If, down the road, the justice department does a study showing a link, the Supreme Court would have a “compelling reason” to uphold the law, Adelman said. But even with a truckload of studies, the high court might hesitate in cracking down on images of free expression simply because they are harmful to a few groups in society, in this case kids and pedophiles.

For example, razor blades can be dangerous in the hands of children and nut-cases, but plenty of people use them without harm.

“Are we really going to reduce what is available to the adult population so that only material suitable to minors and pedophiles is available?” said Sirkin. “Sure, it might make society more orderly, but so would having a dictator, and that’s just not allowed under the Constitution.”

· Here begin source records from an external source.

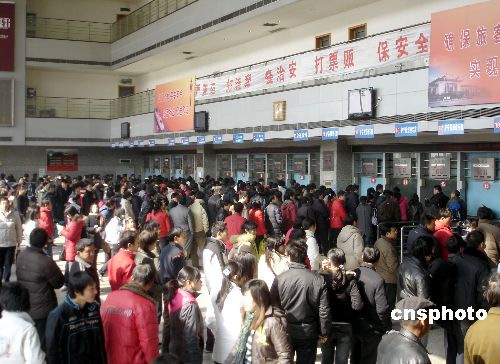2月9日,蘇州火車站售票大廳內(nèi)擠滿了排隊(duì)預(yù)購(gòu)返程火車票的乘客。新的休假辦法的實(shí)行,春節(jié)后上班日期由以往的正月初八變更為初七,因此購(gòu)票高峰也提前到來(lái)。當(dāng)日,蘇州火車站售票大廳內(nèi)人潮涌動(dòng),許多旅客紛紛提前購(gòu)買返程火車票。中新社發(fā) 王建康 攝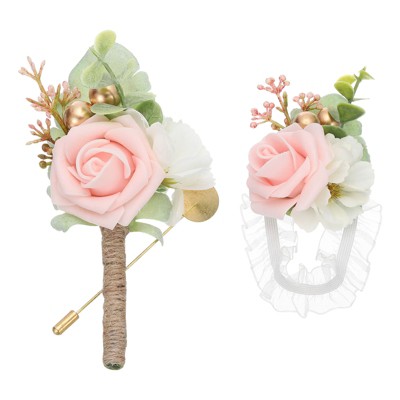 Unique Bargains Rhinestones Artificial Rose Bridesmaid Wrist Corsage and Boutonniere Set Champagne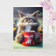 Carte Chat couché d'anniversaire de l'ami avec Mug rouge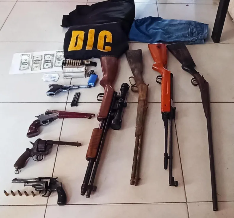 Como resultado, se logró el secuestro de 13 teléfonos celulares, prendas de vestir utilizadas en el momento del robo, un arma de fuego Bersa calibre 22, dos revólveres calibre 38, un arma tipo pistolón, cuatro escopetas, 25 cartuchos calibre 22, y una caja de cartuchos calibre 38, dos estéreos, un drone, y US$ 301 dólares, y una camioneta Toyota Hilux. Todos estos elementos resultaron de interés para la causa de mención.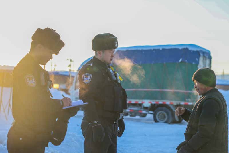 1月16日,阿勒泰边境管理支队吐尔洪边境派出所民警向辖区群众宣传各项冬季安全常识。通讯员 金磊鑫摄 石榴云/新疆法治报讯(记者 韩晋 通讯员 金磊鑫报道)1月17日的富蕴县吐尔洪乡被极寒寒潮包裹,最低气温降至-47℃。刺骨寒风中,新疆出入境边防检查总站阿勒泰边境管理支队吐尔洪边境派出所的民警们成为群众的“邻家守护者”。“我们推出‘邻家警务’工作模式,就是要让民警和群众成为亲人。”所长蔡俊说。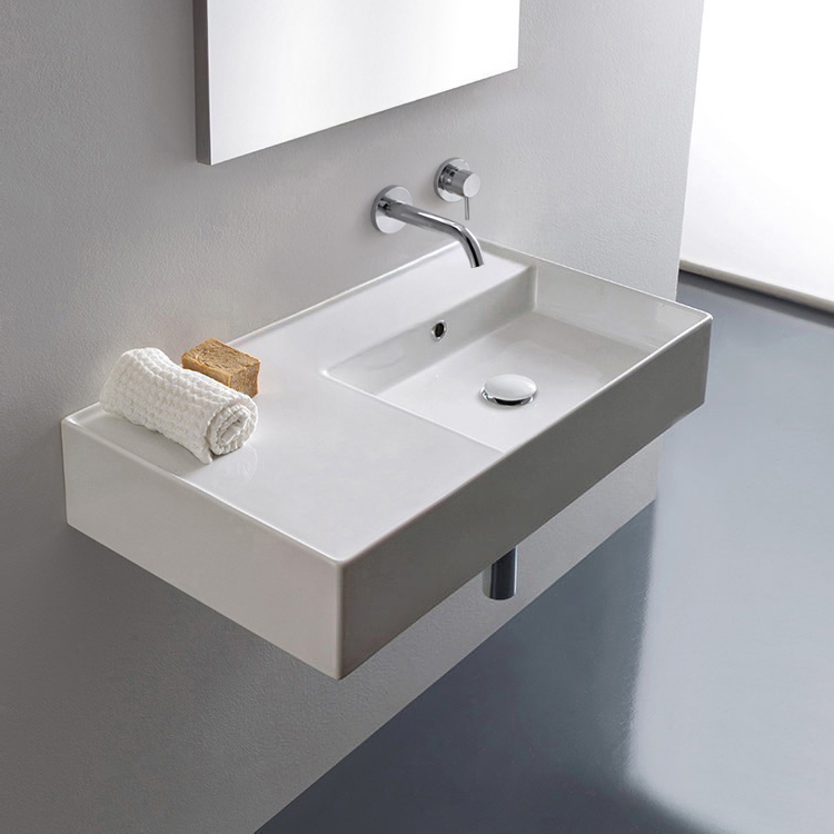Perfect for the modern or contemporary bathroom atmosphere, this 32 inch bathroom sink is made from built-to-last white ceramic. It comes in the no hole option and can be either wall mounted or vessel installation. It was made in Italy by Scarabeo as part of their Teorema 2.0 collection,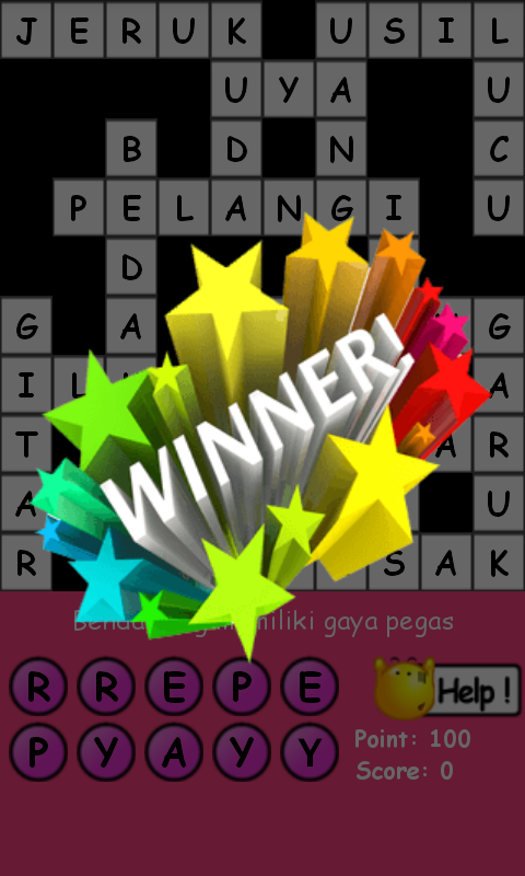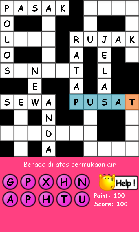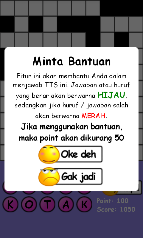 Game teka teki silang (TTS) ini dapat kamu mainkan di smartphone yang berbasis Android. Game asah otak ini dirancang agar dapat dinikmati oleh banyak orang karena soal-soalnya dibuat semudah mungkin, jadi kamu tidak akan terlalu kesulitan untuk mengisi kotak-kotak putih. Namun jika kamu masih kesulitan juga, tenang saja. Saking baiknya game android ini, jika kamu kesulitan kamu akan diberikan fitur bantuan (Help) sehingga tak ada kata "SUSAH" lagi dalam game permainan kata-kata ini.

Comparing the right to free elections to the right to make and distribute fake child porn may seem far-fetched, but as Adelman said, “If you’re not consistent with the First Amendment, it doesn’t mean anything.”

When the Supreme Court does take up the Child Pornography Protection Act, they are likely to consider more than just virtual smut. In the wake of Columbine, politicians discussed bans on all sorts of things virtual, including violent movies, television, and video games. The country, if not scientists, has concluded that even virtual things can cause harm. Now the courts will have to determine if there is any real harm, and then weigh that harm against our right to free expression.

It would appear we have at least the beginnings of a solution in a very un-technical law already on the books. We keep alcohol away from people under the age of 21, and make it a crime for adults to provide it to them. Perhaps virtual smut and violence require similar restrictions.